# Non-supervised gating of the data via the front and side scattering.

In [1]:
import os
import glob
# Our numerical workhorses
import numpy as np
import pandas as pd
import scipy

# Import matplotlib stuff for plotting
import matplotlib.pyplot as plt
import matplotlib.cm as cm

# Seaborn, useful for graphics
import seaborn as sns

# Import the project utils
import sys
sys.path.insert(0, '../../analysis/')
import mwc_induction_utils as mwc


# Import Bokeh modules for interactive plotting
import bokeh.io
import bokeh.mpl
import bokeh.plotting

# favorite Seaborn settings for notebooks
rc={'lines.linewidth': 2, 
    'axes.labelsize' : 16, 
    'axes.titlesize' : 18,
    'axes.facecolor' : 'F4F3F6',
    'axes.edgecolor' : '000000',
    'axes.linewidth' : 1.2,
    'xtick.labelsize' : 13,
    'ytick.labelsize' : 13,
    'grid.linestyle' : ':',
    'grid.color' : 'a6a6a6'}
sns.set_context('notebook', rc=rc)
sns.set_style('darkgrid', rc=rc)
sns.set_palette("deep", color_codes=True)

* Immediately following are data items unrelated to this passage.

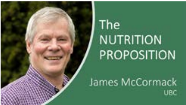
TOPIC: Nutrition Science
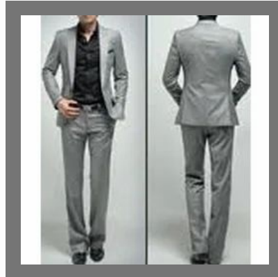
Mens Party Wear Trousers
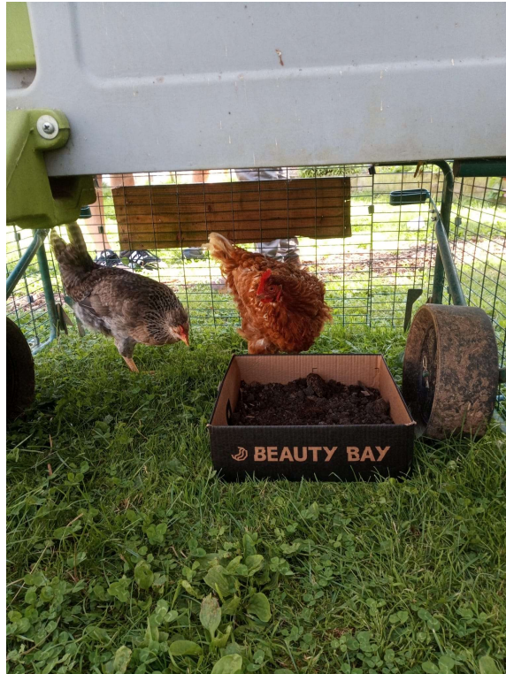
Here is Humbug and friend checking over their new dust bath in their run. It seemed appropriate that the box said Beauty Bay!
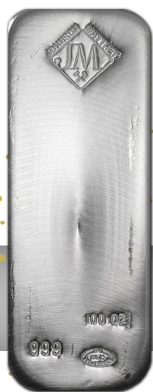
100oz Silver Bars
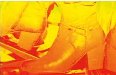
MOTIVATION AND OPERATIONAL READINESS
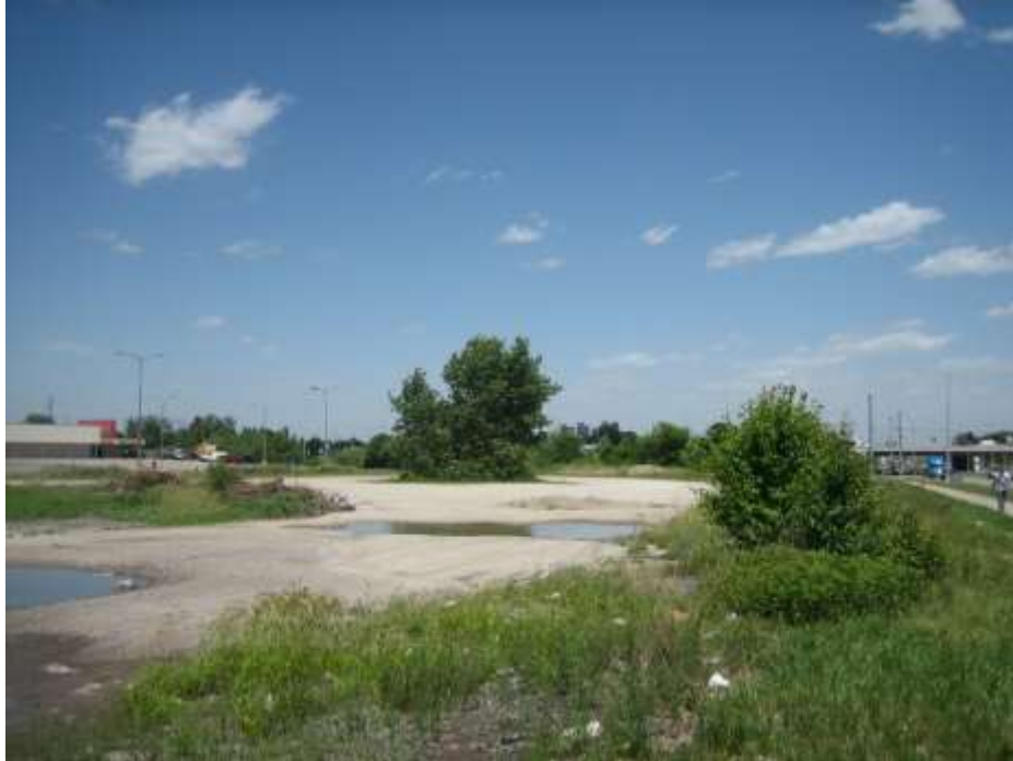
Subject site West Washington Street frontage, looking east.
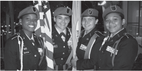
South Broward High School Army JROTC
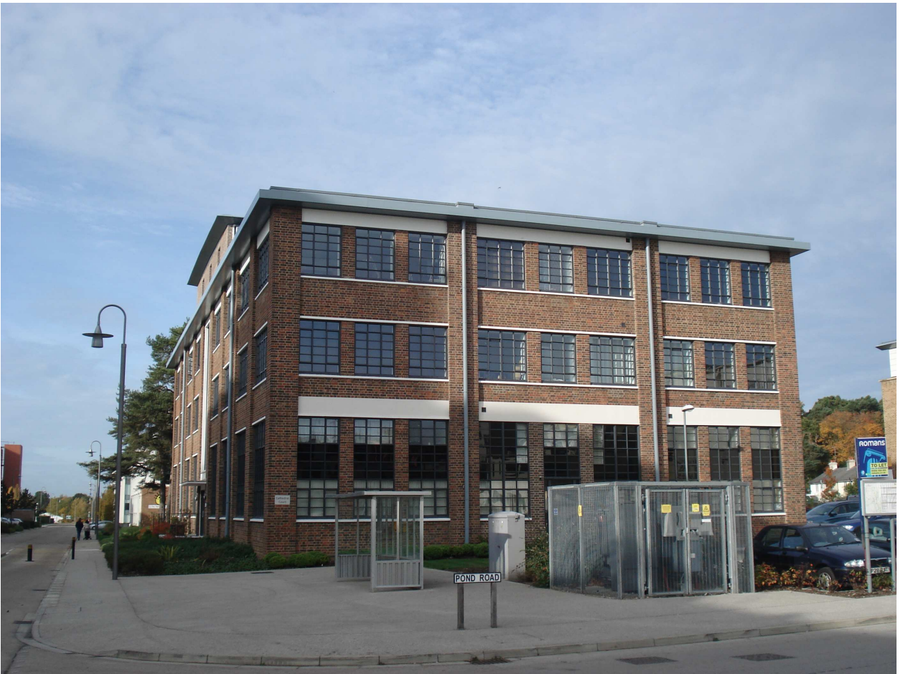
Cathedral Court, O’Gorman Avenue, Farnborough
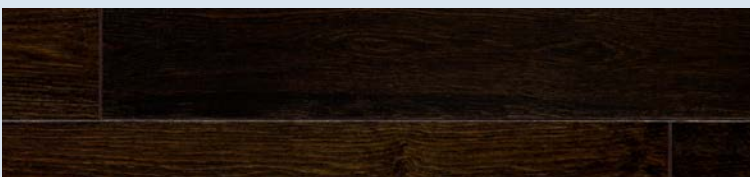
4109 - Calabrese
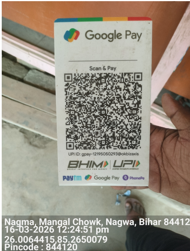
Photo with UPI Scanner
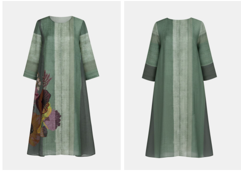
Coat Audrey Poppies Bouquet Multicolour
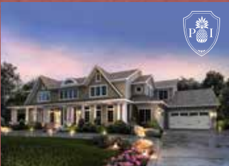
Tipler Design & Build $2,100,000 (281) 863-9199
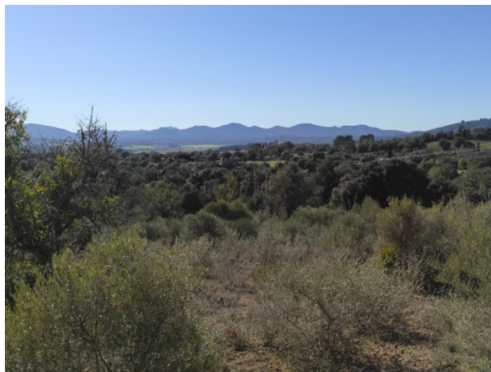
Idyllic building plot
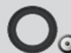
Tires & Wheels
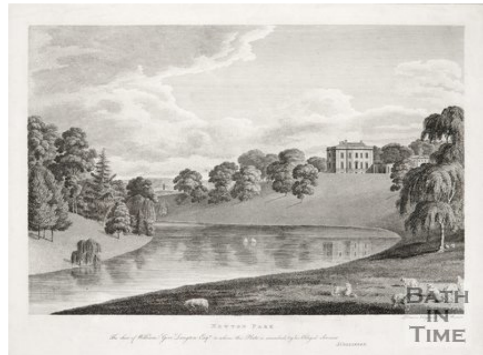
Newton Park, 1791, Published in Collinson's History of Somerset 1791
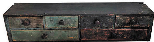
238: Apothecary in Blue

# Magic function to make matplotlib inline; other style specs must come AFTER
%matplotlib inline

# This enables SVG graphics inline (only use with static plots (non-Bokeh))
%config InlineBackend.figure_format = 'svg'

# Datashader to plot lots of datapoints
import datashader as ds
from datashader.bokeh_ext import InteractiveImage
from datashader.utils import export_image
from IPython.core.display import HTML, display

# Set up Bokeh for inline viewing
bokeh.io.output_notebook()
bokeh.plotting.output_notebook()

# Testing the automatic gating

While trying to implement the automatic bivariate Gaussian gating I ran into a problem with the following output
`/Users/razo/anaconda/lib/python3.5/site-packages/numpy/lib/function_base.py:3834: RuntimeWarning: Invalid value encountered in percentile
  RuntimeWarning)`
Let's explore a little bit further. One of the data points that presented that issue was the `20160725_wt_O3_auto_0mMIPTG_00.csv` file.

In [15]:
# list the directory with the data
date = 20160725
datadir = '../../../data/flow/csv/'
files = np.array(os.listdir(datadir))
csv_bool = np.array([str(date) in f and 'csv' in f for f in files])
files = files[np.array(csv_bool)]

df = pd.read_csv(datadir + files[48])
print('file : ' + files[48])

file : 20160725_wt_O3_auto_0mMIPTG_00.csv


Now let's plot the channels we've been using for the thresholding, i.e. front and side scattering area.

In [3]:
p, pipeline = mwc.ds_plot(df, 'FSC-A', 'SSC-A', log=True)
InteractiveImage(p, pipeline)

I can't detect by eye any pathological pattern on this distribution. Let's see how the linear scale looks

In [5]:
p, pipeline = mwc.ds_plot(df, 'FSC-A', 'SSC-A', log=False)
InteractiveImage(p, pipeline)

### Non-pathological case
Let's just quickly plot a non-pathological case to see if there is any difference

In [6]:
df_normal = pd.read_csv(datadir + files[0])
print('file : ' + files[0])

file : 20160725_wt_O1_auto_0mMIPTG_00.csv


In [71]:
p, pipeline = ds_plot(df_normal, 'FSC-A', 'SSC-A', log=True)
InteractiveImage(p, pipeline)

In [7]:
p, pipeline = mwc.ds_plot(df_normal, 'FSC-A', 'SSC-A', log=False)
InteractiveImage(p, pipeline)

From these plots I couldn't really tell what's the difference between a pathological and a non-pathological case. 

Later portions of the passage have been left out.